Social and legal reform
Processes of reform of matrilineal and patrilineal families leading to legislation in the first half of the twentieth century established the basis of patrifocal families in Kerala.6 Until 1986 when the Supreme
Court held that the Christians of Travancore and Cochin were to be governed by the provisions of the Indian Succession Act, 1925, they were governed by highly gender discriminatory laws, which came into force in the early twentieth century.7 In fact, the Travancore Christian Succession Act, 1916 has been described as an outcome of the expression of fear and anxiety on the part of the Christian community over certain decisions by the courts in Travancore applying the British Indian law for Christians to adjudicate on the rights of widows. The denial of women’s rights to property rested on ‘fears’ of domestic disharmony and ruin arising from frequent litigation and fragmentation of property.8 Under the Travancore Act, women were eligible to receive one fourth the son’s share or five thousand rupees whichever was less as stridhanam (dowry) and did not inherit paternal property. The Indian Succession Act, 1925 does not discriminate between the sexes in matters of intestate succession.
A series of legislations in the early twentieth century introduced measures ‘recognizing’ the conjugal family (as against the matrilineal family which did not centre conjugality) and defining relations of protection and dependence between husband and wife and father and children, facilitated a patrifocal family among the matrilineal Hindu groups. Hindu women now had individual rights over their share of family property but this right was achieved within a legal framework of dependence on men as husbands. The Hindu matrilineal social groups today come within the ambit of the Hindu civil code, with some special provisions such as their exclusion from the mitakshara (Hindu Undivided Family) coparcenary. The Kerala Joint Hindu Family (Abolition) Act, 1976 eliminated the legal conception of joint family property among the Hindus by replacing joint tenancies with ’tenancies in common’ as if partition had taken place among members on a per capita basis.

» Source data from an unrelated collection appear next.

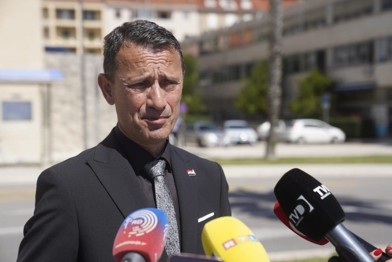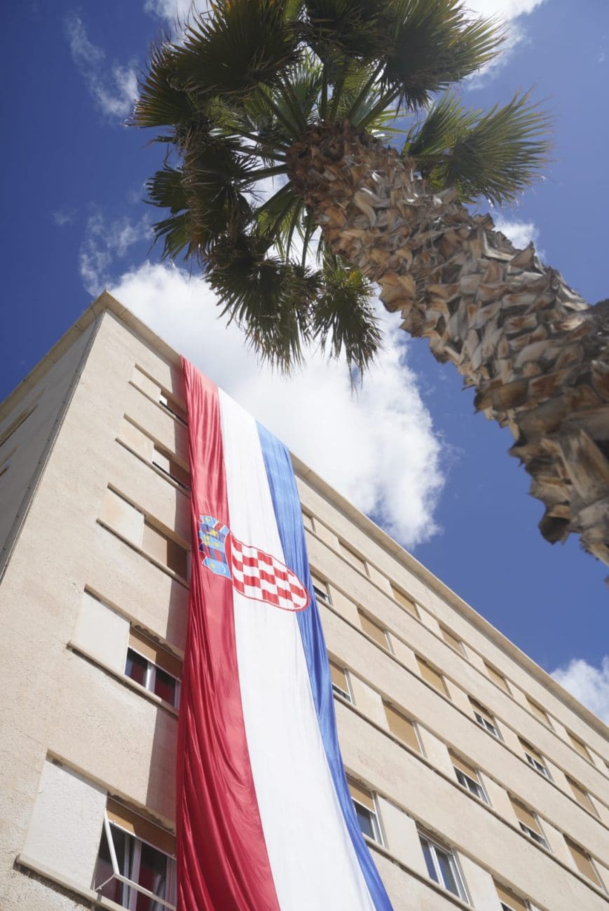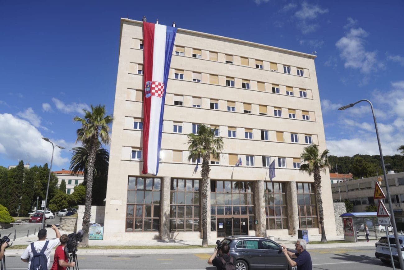 "Danas smo ovdje prigodom Dana državnosti i Dana branitelja grada Splita. Želim čestitati Dan državnosti svim građanima RH, ali i Dan branitelja Splita hrvatskim braniteljima iz Splita. Nalazimo se ispred Banovine da svjedočimo iznova činu spuštanja 22-metarske zastave, činu odavanja počasti i pijeteta svim žrtvama, prisjećanja kroz zastavu, kroz simbol domovine svih žrtava Domovinskog rata. Usput smo pustili pjesmu Hrvatska zastava da poprati čin spuštanja zastave. Prije toga smo pred Spomenikom braniteljima položili cvijeće i zapalili svijeće i na taj način odali pijetet svim braniteljima, civilima, ženama i djeci i svima stradalima tijekom Domovinskog rata", kazao je Ivan Turudić, predsjednik Hrvatskog društva logoraša.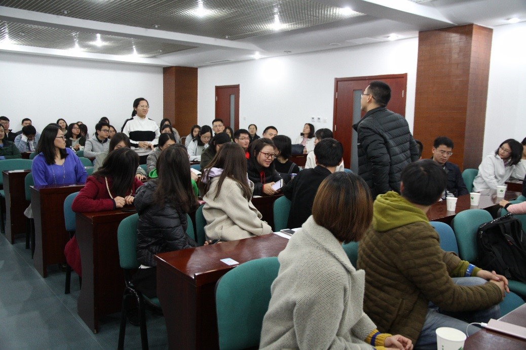 接下来是答疑交流环节。参加交流的前辈有:在大型国企工作的朱栟、丁文杰,在私企外企工作的布吉红、曾鲁哲;在事业单位工作的张健、苏红巧;从事科研工作的王瀛寰;跨界转行的周宁、申秋璇,以及自主创业的李龙飞。各位师兄师姐介绍了自己工作的酸甜苦辣,热忱回答了同学们的提问,并与同学们进行了分组讨论。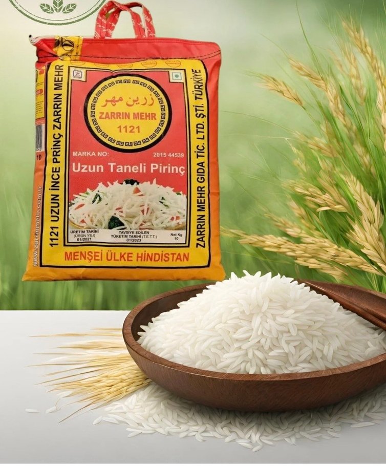 Zarrin Mehr markasına ait, Hindistan menşeli uzun taneli beyaz pirinç 1121 numaralı, hafif renkte ve ince tanelidir.

Legal changes went alongside ritual and material reorganization of marriage. Marriage was streamlined and consolidated in one rite, where earlier there were two, that established its sacred aspect.9 It is not without import that marriages among the matrilineal groups today emphasize the tali rite (rite investing women with a small gold ornament worn around the neck and considered symbolic of marriage) and considerable thought has gone into the fashioning of the tali (the Ezhavas have also incorporated the caste Hindu rite of kanyadanam which symbolizes the gift of the virgin) (Osella and Osella, 2000: 105).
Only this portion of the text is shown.